How to complete this task: The lines below, from the one holding "PASTELLA LISNER 80 g wszystkie rodzaje" through the one holding "In Bubendorf fahren grosse Bagger auf.", are to be restated word for word, with all images left out.

Recorded data:
____
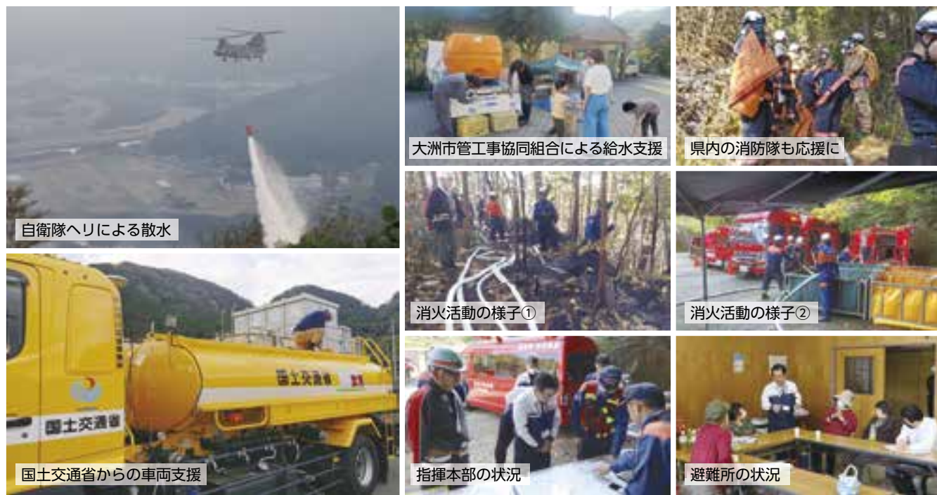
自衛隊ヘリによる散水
____
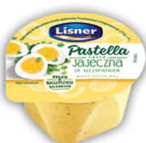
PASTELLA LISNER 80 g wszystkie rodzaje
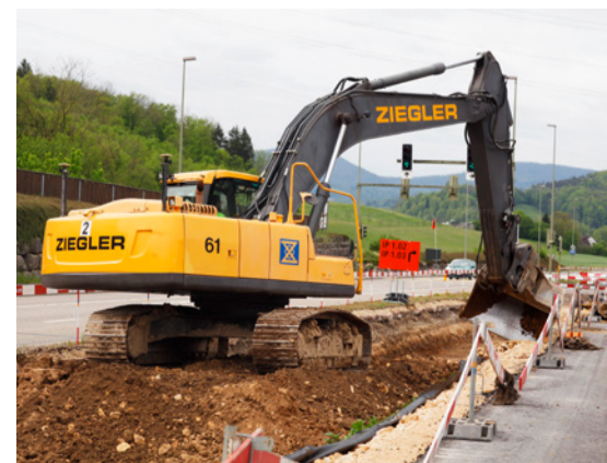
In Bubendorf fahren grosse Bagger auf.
____
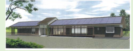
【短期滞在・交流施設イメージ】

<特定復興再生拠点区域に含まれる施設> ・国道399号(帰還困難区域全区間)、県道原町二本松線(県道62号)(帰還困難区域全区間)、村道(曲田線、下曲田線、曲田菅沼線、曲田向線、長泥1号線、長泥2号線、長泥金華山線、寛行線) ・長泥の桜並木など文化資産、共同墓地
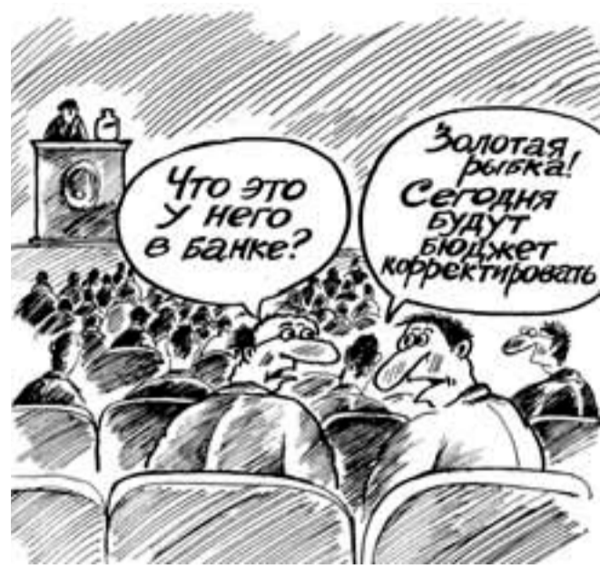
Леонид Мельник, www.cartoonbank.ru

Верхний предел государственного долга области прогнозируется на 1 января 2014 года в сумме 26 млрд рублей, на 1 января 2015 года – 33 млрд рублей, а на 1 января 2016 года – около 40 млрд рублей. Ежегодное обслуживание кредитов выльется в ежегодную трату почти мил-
____
Reply to the task:
PASTELLA LISNER 80 g wszystkie rodzaje
In Bubendorf fahren grosse Bagger auf.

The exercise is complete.